Marinate lamb: Combine lamb, oil, rosemary, and garlic in a large sealable heavy-duty plastic bag. Seal bag, forcing out excess air, and marinate lamb, chilled, turning bag several times, 8 to 24 hours.
2.
Preheat oven to 425°F.
3.
Make paste and roast lamb: Stir together berbere, mustard, yolk, and bread crumbs, then stir in enough red wine to form a paste.
4.
Drain lamb, discarding marinade. Heat a dry 12-inch heavy skillet over high heat until hot, then brown lamb, 1 rack at a time, over moderately high heat, about 3 minutes per side (do not brown ends).

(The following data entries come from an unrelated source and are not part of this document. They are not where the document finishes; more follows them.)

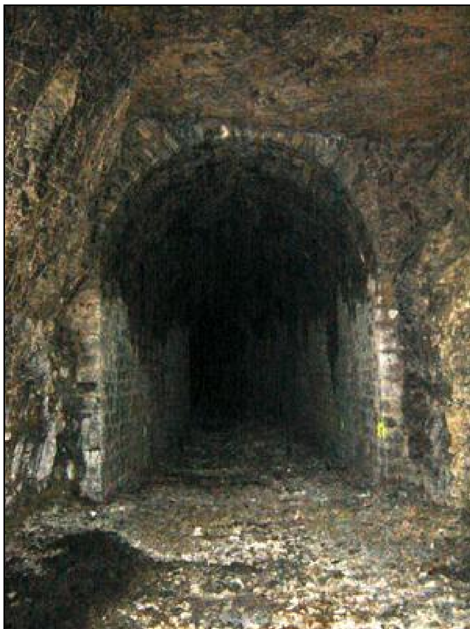
Le raccord entre la partie maçonnée de l'entrée et la galerie en roche vive qui lui fait suite La strate calcaire qui forme voûte est bien visible
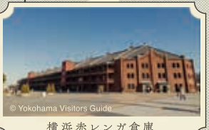
横浜赤レンガ倉庫
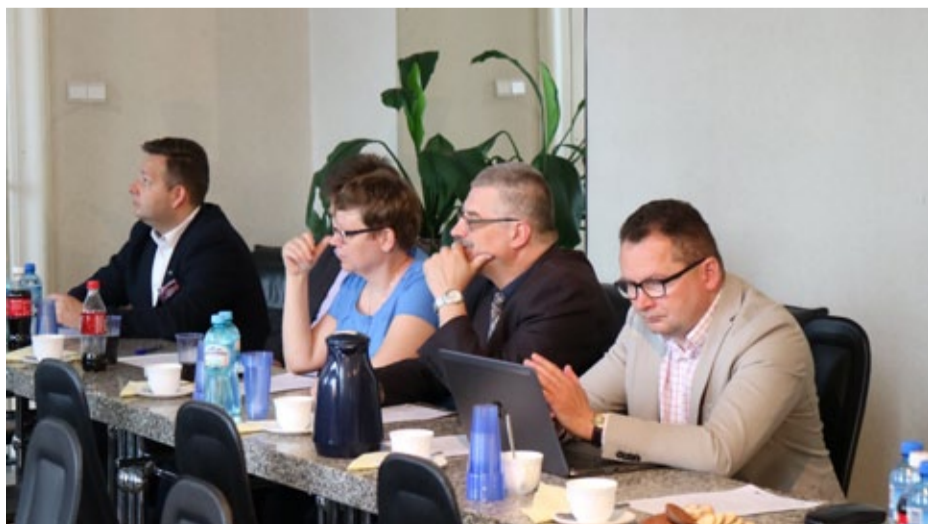
Najpierw dzielimy się doświadczeniami w zakresie delimitacji...

Obszary przeznaczone do rewitalizacji zostały zatwierdzone przez Radę Miejską w marcu 2016 roku.
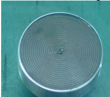
Fig. 1 Antena de microunde
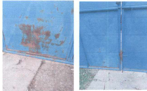
4.1 Mantenimiento a estructura de Porton de ingreso. (lijado, cambio de tubo, cepillado)
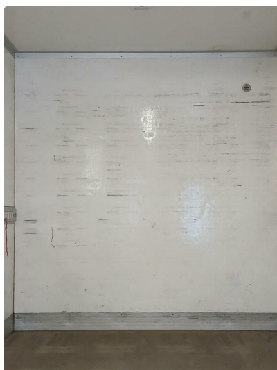
1.1 Bruksslitasje inside skap, oversiktsbilder
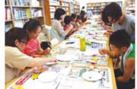
▲次々と力作を生むお母さん。 「何かに没頭できるっていいですね！」▼「ママは何色が好きなん？」こちらは仲良く話しながら
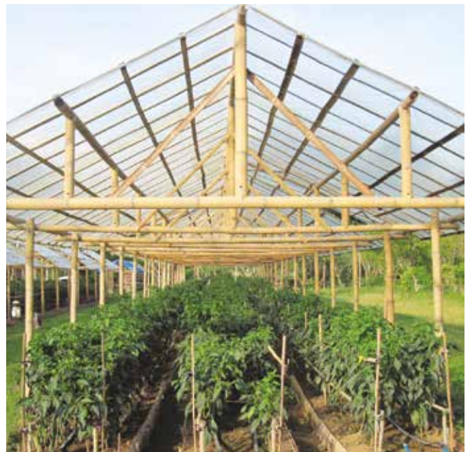
House-type para sa sweet-pepper

Hawanin at alisan ng damo at araruhin ang lupang pagtataniman. Uliting ang pag-aararo at paggayat
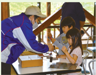
▲バードコールづくり体験

Transfer, ribs side down, as browned to a large roasting pan.
5.
Smear berbere paste on fat sides of lamb and roast in middle of oven until an instant-read thermometer inserted 2 inches into center of a rack (without touching bone) registers 140°F for medium-rare, 25 to 30 minutes.
6.
Make sauce while lamb is roasting: Toast berbere in a dry small heavy saucepan over moderately low heat, stirring constantly, until very fragrant, about 1 minute. Add stock and wine and bring to a boil. Remove from heat and whisk in butter until incorporated.
7.
Transfer lamb to a cutting board and let stand 5 minutes. Cut lamb into chops and serve with sauce.